How Do We Watch TV Without Cable?

First a few technical details about our family’s set up. We have two televisions in our home — one in our master bedroom and one in our playroom/basement.

Both TVs have antennas on them to maximize access to local channels (primarily so that we can watch live sports when they are on — like NFL games in the winter).

The basement TV is a 43-inch flatscreen TV, which is hooked up to our XBox. The XBox functions as a DVD player as well. The bedroom TV is a 32-inch flatscreen, which is hooked up to a Blu-Ray DVD Player.

We are able to watch Amazon Prime programming through our bedroom TV, since it’s an available app on our BluRay. In the basement, we don’t have Amazon Prime hooked up – primarily because we like a bit more “surveillance” on what the kids are watching.

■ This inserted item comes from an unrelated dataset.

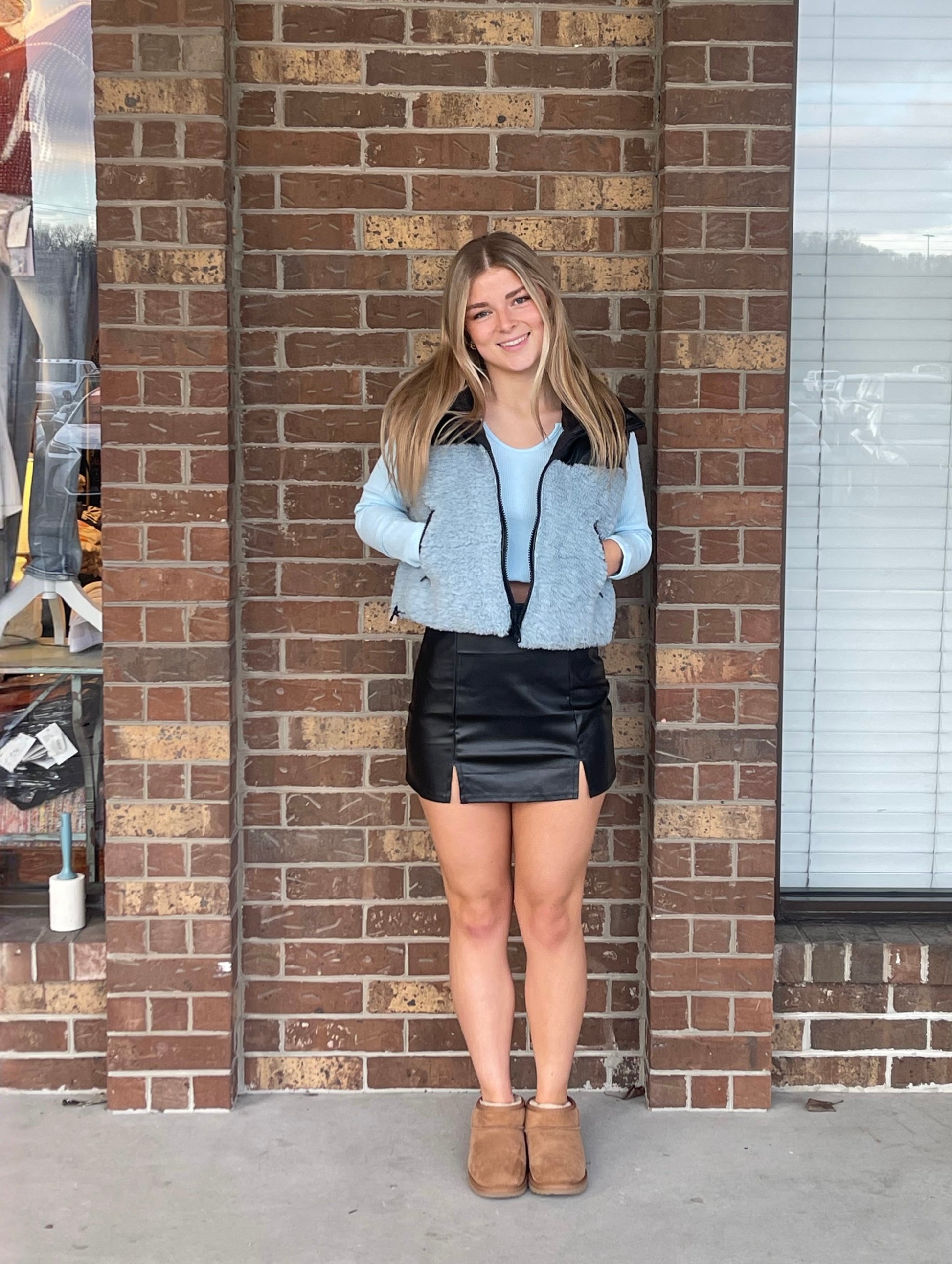 Faux Leather High Waist Double Slit Mini Skirt - High wasit - Double silits - Mini length - Bodycon pencil fit - Faux leather - 50% Polyurethane 50% Polyester

If we wanted to have that TV hooked up, we’d have a few options: We could get a year of XBox Gold, which has the Amazon Prime app built-in (as well as Hulu Plus, Netflix, and others) or we could buy a Roku (or similar) device for that TV. Until now, it hasn’t been necessary, but I’m always keeping an eye on the Roku sales in case we change our mind.

Google Chromecast

The other gadget we’ve invested in is the Google Chromecast. There are lots of ways to use this little $30 guy, but here’s an example of how I use it: I love the show The Good Wife, but I’m usually not around at 9 on a Sunday to watch it. So instead, I watch it on free playback on The only downside is that I have to watch it on my computer — which is annoying, because I’d rather be using my computer for something else and have my show running in the background.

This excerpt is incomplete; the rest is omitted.